Tony: Considering what you’ve said above, any tips or advice for brokers regarding their role in the underwriting process? Because obviously, the better the information and understanding that you get from them, the better you can assist them in terms of getting the best deal for their client.

Sujeeth:  Yes, absolutely. Brokers play a very important role in collating and clarifying the information that is sent to underwriters in the insurance proposal form. We rely on them for the completeness of information in terms of the description of the client’s business and the identification and quantification of some of those risks, and exposure levels. This is key to the underwriting process. But, I think, more so than ever before, brokers are positioning themselves with clients as risk advisors, so a lot more risk management advice is rendered by brokers to help them reduce or mitigate the risk exposures.
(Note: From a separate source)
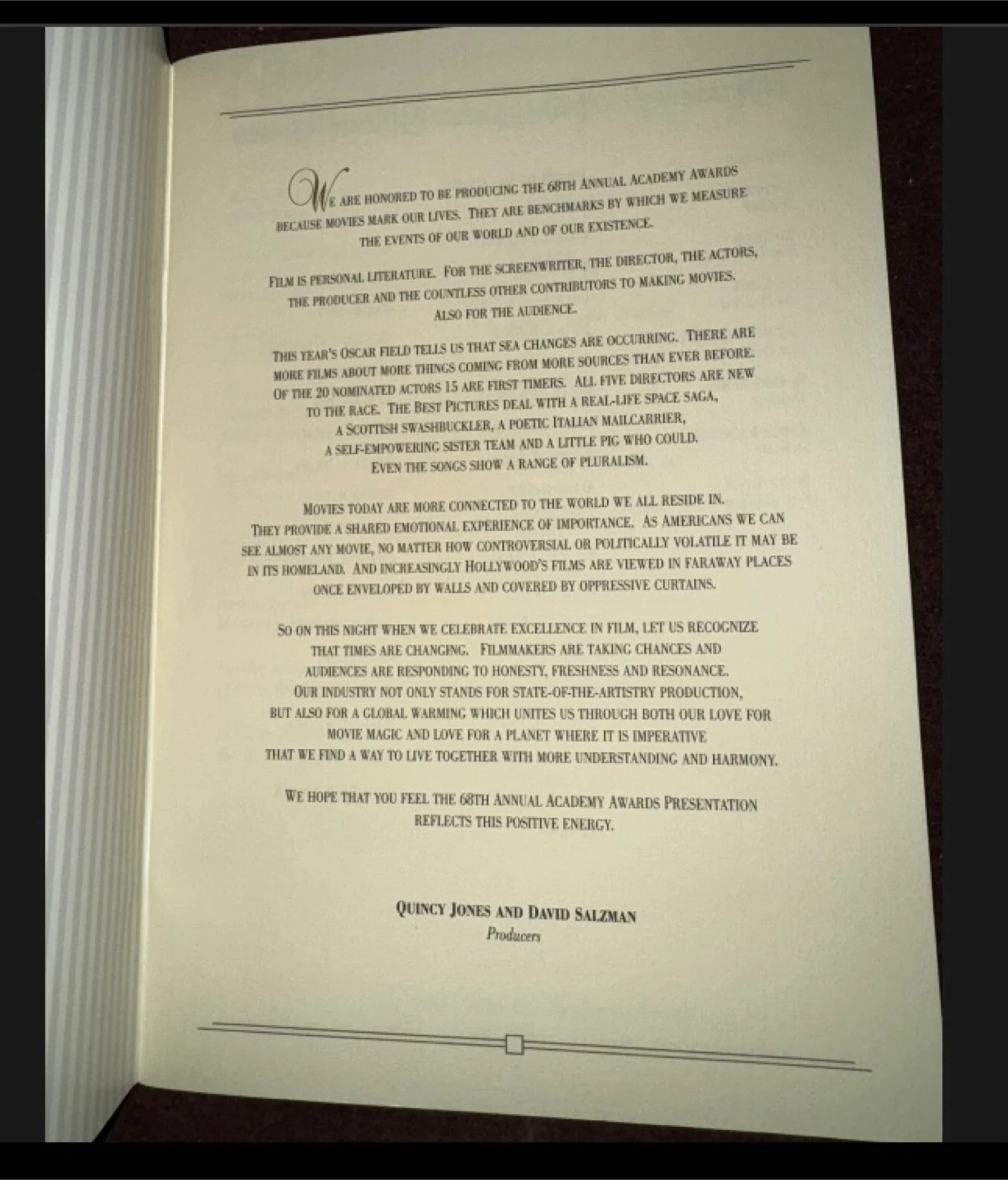 Selling a program from The 68th Annual Academy Awards. 1996 OSCARS

This ultimately positively impacts the underwriting process.

Tony:

So, this is probably the most obvious question for an underwriter, but what risk impact has Eskom and this period of new load shedding had on businesses and on individual’s, when it comes to risk?
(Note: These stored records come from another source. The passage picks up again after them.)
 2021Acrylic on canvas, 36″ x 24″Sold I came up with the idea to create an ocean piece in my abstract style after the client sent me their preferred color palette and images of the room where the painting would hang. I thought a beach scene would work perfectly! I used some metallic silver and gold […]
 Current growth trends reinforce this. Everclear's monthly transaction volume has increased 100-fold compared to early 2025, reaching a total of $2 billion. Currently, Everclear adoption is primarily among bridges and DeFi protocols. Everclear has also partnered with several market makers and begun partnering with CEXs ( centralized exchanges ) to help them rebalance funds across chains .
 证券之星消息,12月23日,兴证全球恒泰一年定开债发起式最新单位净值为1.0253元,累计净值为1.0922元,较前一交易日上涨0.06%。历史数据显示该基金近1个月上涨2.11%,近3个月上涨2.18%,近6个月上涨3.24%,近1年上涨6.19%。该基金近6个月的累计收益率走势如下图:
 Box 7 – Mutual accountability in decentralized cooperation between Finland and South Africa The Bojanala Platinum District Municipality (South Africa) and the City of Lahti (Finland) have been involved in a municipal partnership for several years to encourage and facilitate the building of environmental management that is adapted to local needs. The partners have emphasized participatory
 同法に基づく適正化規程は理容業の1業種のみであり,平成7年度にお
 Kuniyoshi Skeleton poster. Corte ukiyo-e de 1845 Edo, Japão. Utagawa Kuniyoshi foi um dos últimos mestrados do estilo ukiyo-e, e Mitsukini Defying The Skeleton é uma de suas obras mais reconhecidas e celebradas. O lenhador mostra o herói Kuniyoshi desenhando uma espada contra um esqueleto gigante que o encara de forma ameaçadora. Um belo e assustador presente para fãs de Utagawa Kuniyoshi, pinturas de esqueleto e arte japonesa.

Sujeeth: That’s a great question. In fact, as we speak, a lot of insurers and reinsurers are currently conducting various impact scenarios on this risk event, and we at Constantia are no different from other insurers in this regard. I think, before I get into it, you must essentially define or contextualise what do we mean by ‘blackout scenario’?
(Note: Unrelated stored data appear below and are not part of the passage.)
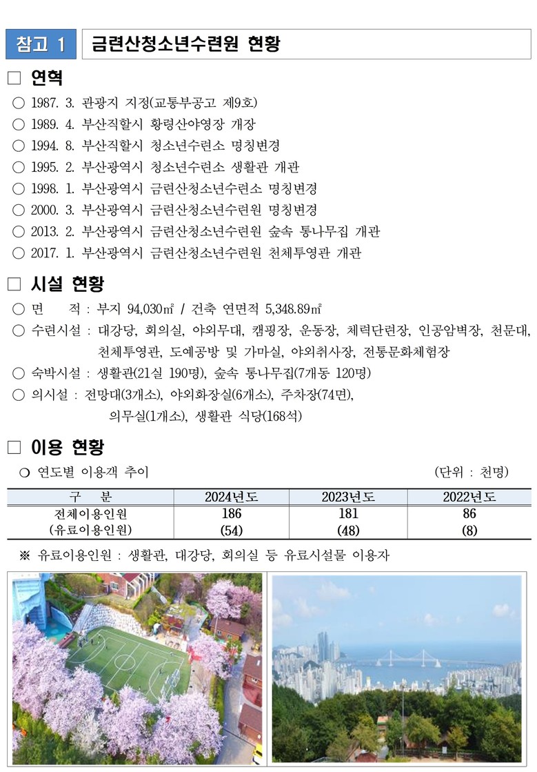 한편, 수련원은 시에서 직영으로 운영하는 청소년 수련시설로 금련산 중턱에 위치하며, 약 9만 제곱미터(㎡) 규모의 넓은 자연환경을 보유하고 있다.
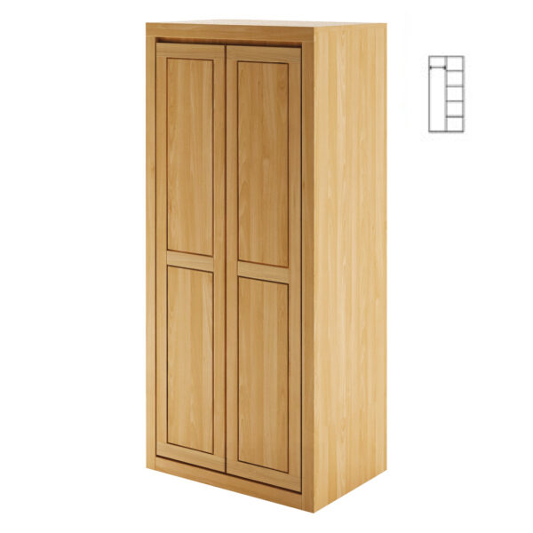 Bukowa szafa SF402 z kolekcji Vip charakteryzuje się klasyczną bryłą, która łączy w sobie elegancję i funkcjonalność. Naturalne usłojenie drewna bukowego dodaje jej ciepła i charakteru. Wnętrze szafy wyposażono w drążek, dzięki któremu z łatwością zorganizujesz swoją odzież oraz w półki zapewniające dodatkową przestrzeń do przechowywania. Szafa transportowana w całości, nie wymaga montażu.
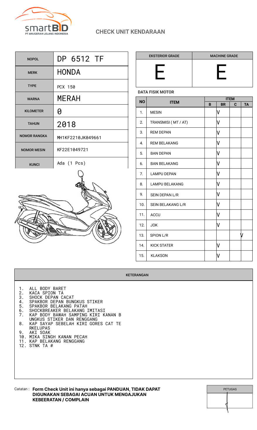 SEBELUM MELAKUKAN PENAWARAN UNIT PESERTA LELANG WAJIB MELAKUKAN PENGECEKAN UNIT DAN DOKUMEN TERLEBIH DAHULU // PIC RUDAL 0821 9140 0425 // UNIT DIKENAKAN BIAYA PPN 1.1% DARI HARGA TERBENTUK //

Firstly, it would mean that the country is impacted in terms of a large area, either provincially or nationally and they will essentially be having a total loss of power due to damage or the unavailability of power. This, at a minimum, would result in a power outage that could last seven or more days.

The possibility is that we could also see power being out for a month. It really depends on the different scenarios that the insurers and reinsurers model here. But essentially, the key risks that could intensify from such a catastrophe ,on businesses and individuals, include that business will be interrupted, key equipment and machinery and production processes will come to a grinding halt. This would most likely result in a food shortage being experienced in the country, as factories stop production or come to a halt. Furthermore, a lot of frozen goods in people’s homes and in businesses are likely to get destroyed or ruined. We would likely see an increase in robbery, theft, looting, especially if deterrents such as electric fences and alarm systems are no longer operational. We will likely see a spike in vehicle accidents (collisions) and write-offs   as traffic lights and street lights will not be operational.  A black out will not necessarily destroy all electrical devices, but some devices may be destroyed. In some circumstances a power surge may occur on attempts to return/reinstatement power to the grid. Water and fuel supply to most places would be affected as the pumps which rely on power and energy will stop working. Finally banking, communication and medical services will be negatively impacted.

So, the impact of a blackout scenario on businesses and individuals would be massive. Brokers can assist the policyholders here in ensuring that they have adequate cover for such prolonged exposures. For example, most commercial policies provide coverage for public utilities supply interruptions. This is normally limited but, on request to an insurer, the cover can be extended.